The teachings of Mizrachi state that the Torah is the heart of Zionism and also maintains that Jewish nationalism is a means of obtaining their religious objectives. This group was the first official Religious Zionist party and pushed for laws that enforced kashrut (being kosher) and observance of Shabbat (the Sabbath). An important figure of the Zionist movement is the Rabbi Abraham Isaac Kook, Ashkenazi Chief Rabbi of Palestine, who attempted to intertwine the teachings of Zionism with Orthodox Judaism with the slogan Torah va¬'Avodah (“Torah and Labor”). Mizrachi branched away to a separate trade union wing that was founded in 1921, which was named Hapo’el Hamizrachi, in which religious Jews were represented by the Histadrut and tried to attract the religious Labour Zionists. 

However, Judaism was redefined drastically by the Holocaust during the Second World War, where six million Jews were killed mercilessly by the Nazi Party. Despite these horrific events, the Holocaust also mobilised further support for the Zionist campaign in the post-war era. In 1948, the State of Israel was proclaimed. In 1956, several Zionist religious sects including Mizrachi and Hapo’el Hamizrachi formed the National Religious Party (Mafdal), in order to advance the rights of religious Jews in Israel that is still active today. Religious Zionism has also pledged many of its efforts and resources to constructing a national-religious education system.
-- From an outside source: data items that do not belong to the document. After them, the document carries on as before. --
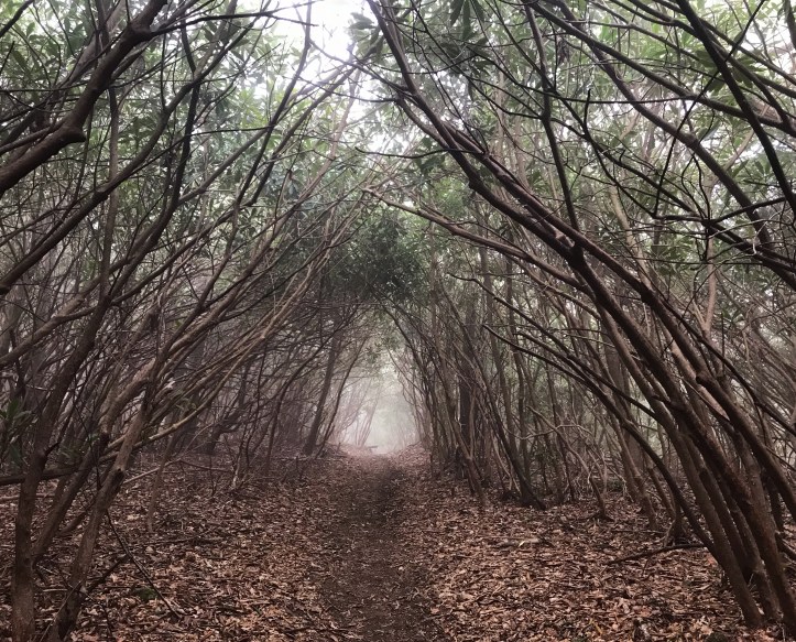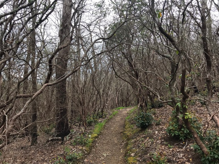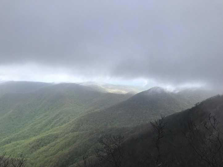 The air was Misty but not too chilly. I left camp wearing a long sleeve and I’m comfortable although my hands are a little cold. The Walk started with gentle rolling trail through rhododendrons and hardwoods that were shrouded in fog with bright spots of those blue little flowers. Standing Indian mountain is on today’s agenda. Maya will likely be ending up at the same shelter as me so that will hopefully make for decent company tonight. My little toe seems to be working itself out. Hopefully my feet don’t end up too wet today to ruin whatever callous has started to form.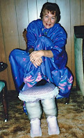 But she wasn't much of an information-seeker, and consequently, didn't realize she had Ataxia. Ada just thought... (actually, I have no idea what she thought). Although she and I were close, Mom went to great lengths to deny her Ataxia. She knew something was wrong, but backed away from putting clues together. Her family decided that her behavior was because she had never taken care of her health, drank too much, watched too much TV, stayed on her chaise lounge 24-7, and wanted to be catered to. My usually "snappy" mother took all of our judgements in silence. That should have tipped me off to a problem right there. As her only child, one of my saddest thoughts is that she was alone in this. Mom's self image was just too important to her and that trumped everything else. She said nothing, we said nothing. Ada died of pancreatic cancer before she progressed neurologically (she would have considered that the good news).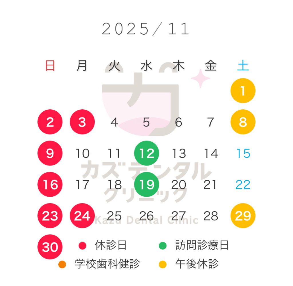 2日(日)、3日(月)、9日(日)、16日(日)23日(日)、24日(月)、30日(日)は休診日となります。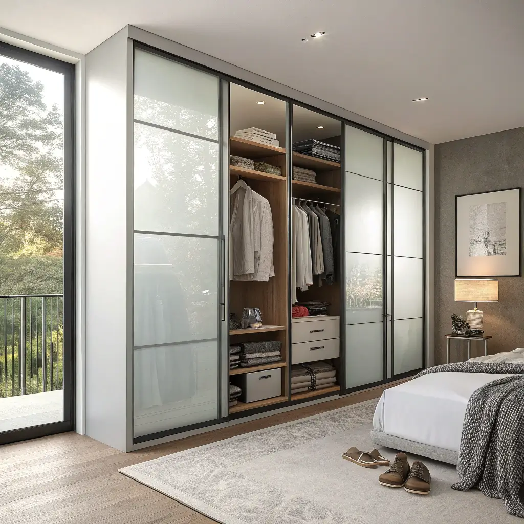 Contemporary glass wardrobes often feature sleek metal frames that add industrial chic to your bedroom. The combination of materials prevents the design from feeling too cold or clinical. Add some warm lighting inside, and you’ve got yourself a fashion showcase.

Often called Kippot Sruggot (due to the knitted kippot skullcap worn by male members of the sect), the Zionists have differing factions of Orthodox Judaism that is distinguished by the individual style of dress worn by certain sub-Judaic religious groups (such as Litvish Haredi, Sephardi Haredi, and Hassidic Jews).
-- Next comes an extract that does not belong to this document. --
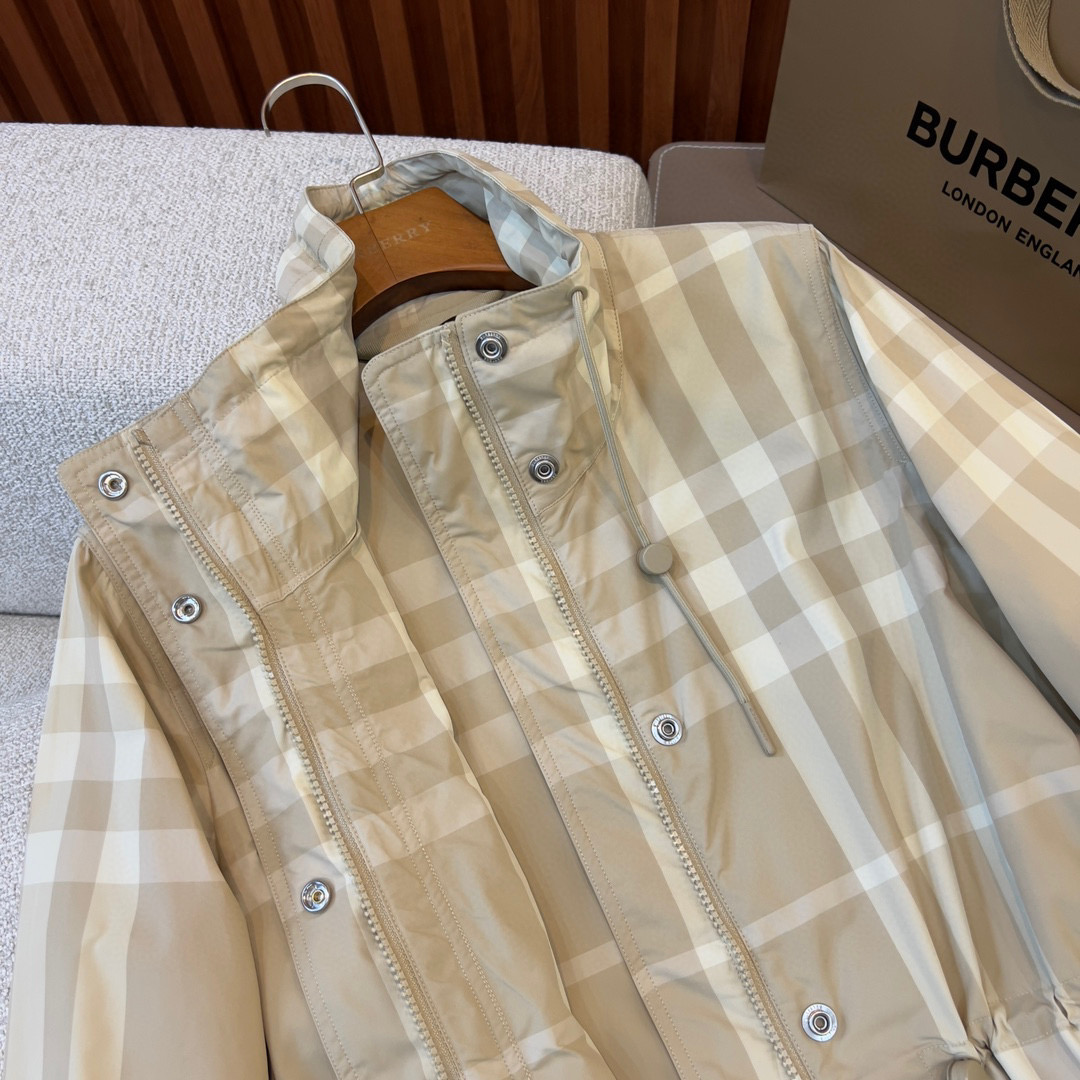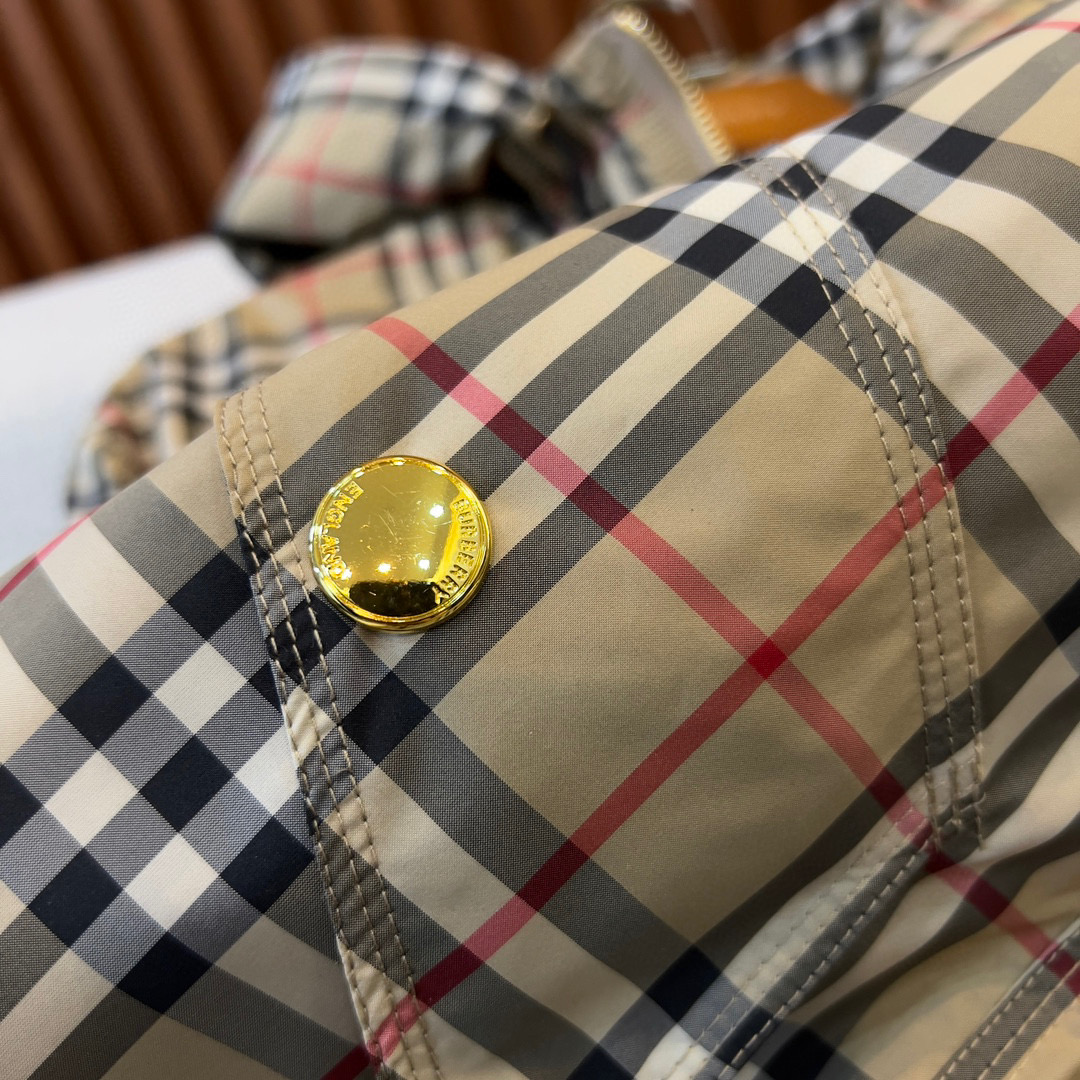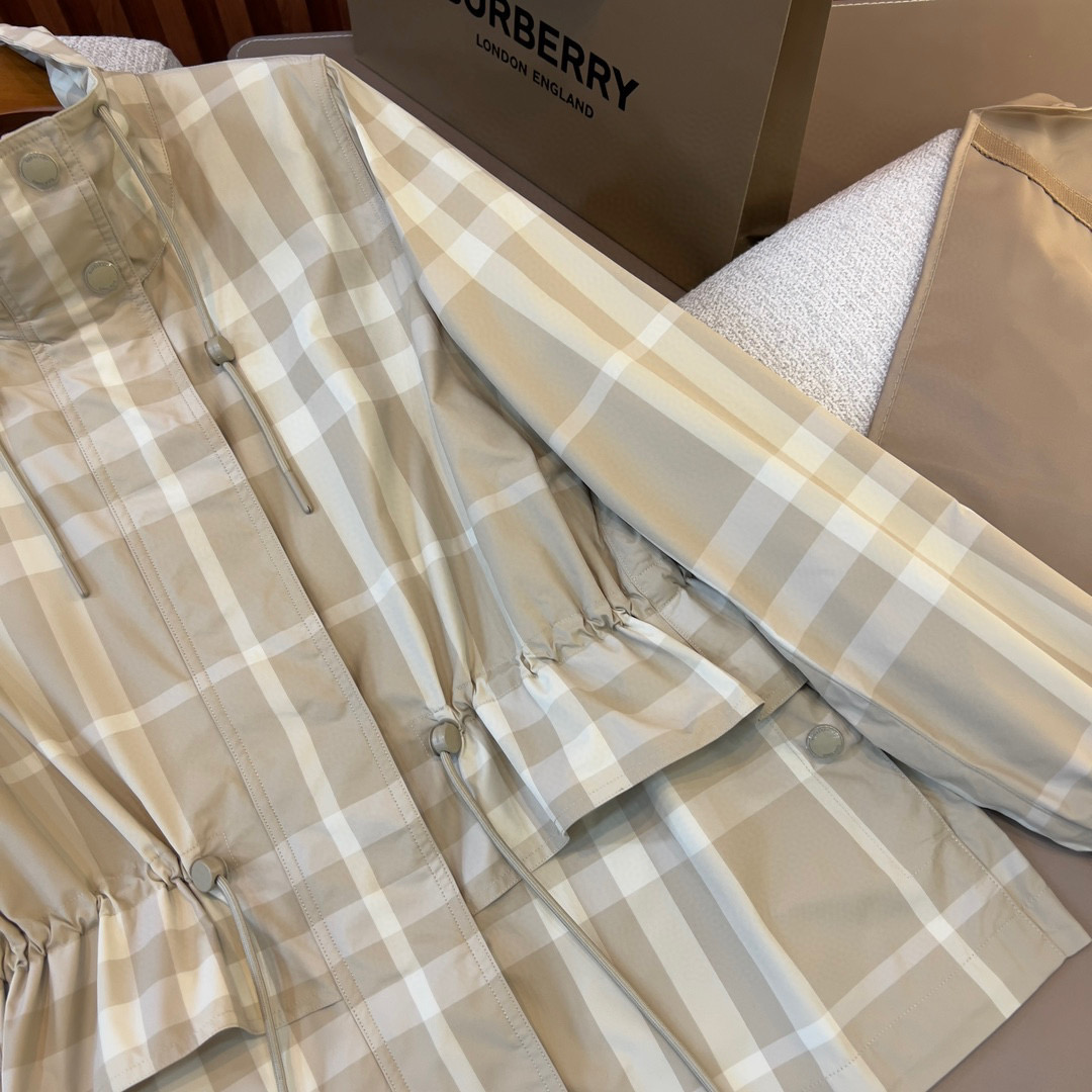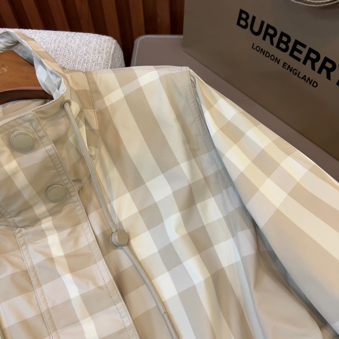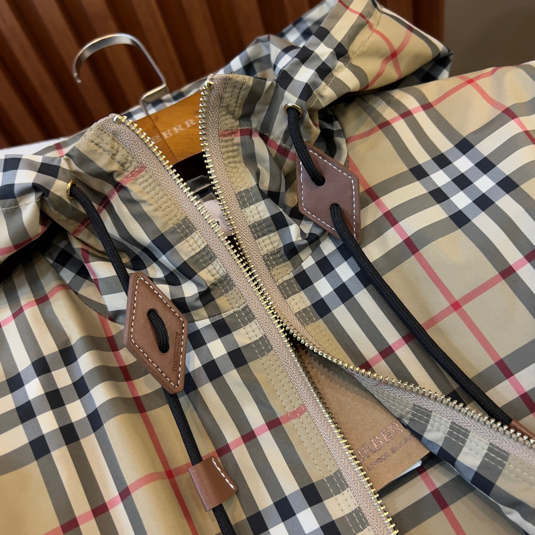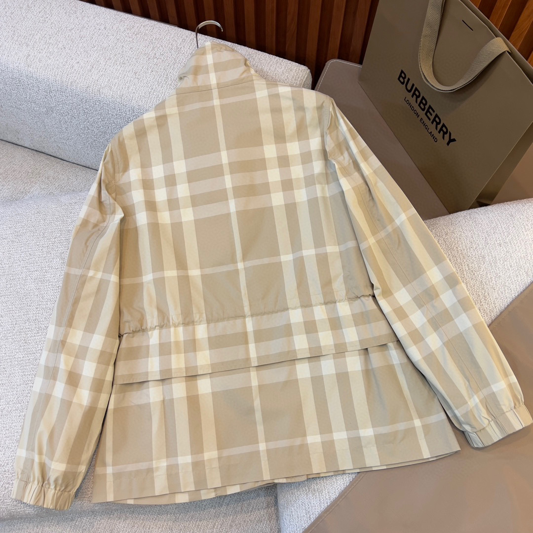 Burberry Check Nylon Funnel Neck Jacket Striped Drawstring Single Breasted #nigo96693

Most religiously observant Zionists tend to be right wing supporters regarding Israeli politics, and a large number vote for the Mafdal (National Religious Party), the Likud (Conservative party) and the National Union (nationalist party) parties. Still, there is also a smaller minority of left wing Zionists, who are represented by Rabbi Michael Melchior and the Meimad party (as part of the Israeli Labour Party). In modern times, many religious Zionists had settled in the West Bank, although nearly all had been forcibly expelled from the Gaza Strip from August to September 2005.